A life as a trucker is never boring, but can be challenging, frustrating, and rewarding at the same time. The hours are long, usually beginning between 5 and 7 in the morning and lasting many hours each day. There are specific regulations now about how long a driver can be behind the wheel and when breaks are mandated, but it doesn't take long to set a workable schedule that ensures you are alert while on the road yet also have plenty of leisure time.
Along the way there are pre-trip inspections of the truck and trailer, loading and unloading, route planning, paperwork such as maintaining the log book, weigh stations, and much more. Traditionally, trips are between 500 and 2500 miles each and are completed during the 11 to 14 hours driving time allowed per day. One of the most important aspects route planning since, especially in the Midwest, the bathrooms, dining facilities, and fueling stations are few and far between.

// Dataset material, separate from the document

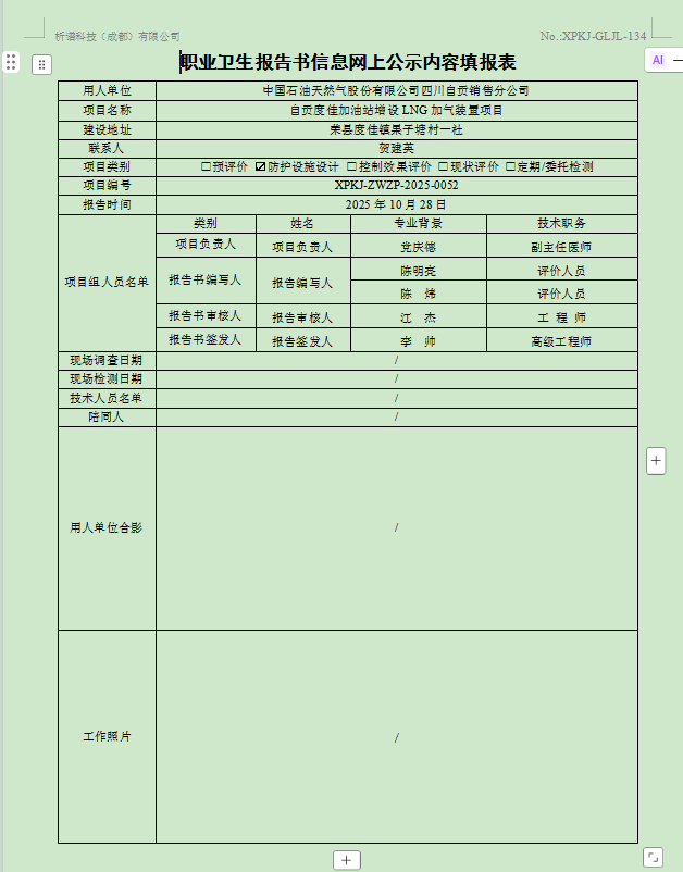 四川普惠达新材料科技有限公司职业病危害因素定期检测

Different truckers have favorite routes and it's not long before you can determine which suits you the best. Some prefer the western states because of the beautiful scenery, reduced traffic (except in city centers), higher speed limits, fabulous food, and expanded maneuvering room within urban areas. On the other hand, those that prefer eastern states find the friendly people, challenging terrain and weather conditions, and classic cuisine more to their liking.
Many people believe that driving a big rig is nothing more than holding a steering wheel for extended periods of time. In fact, truckers never know what's ahead on the highway, but with each new thing they see and do they fall more in love with the job. Just as with any job there are downsides, but for many truckers the benefits far outweigh the disadvantages.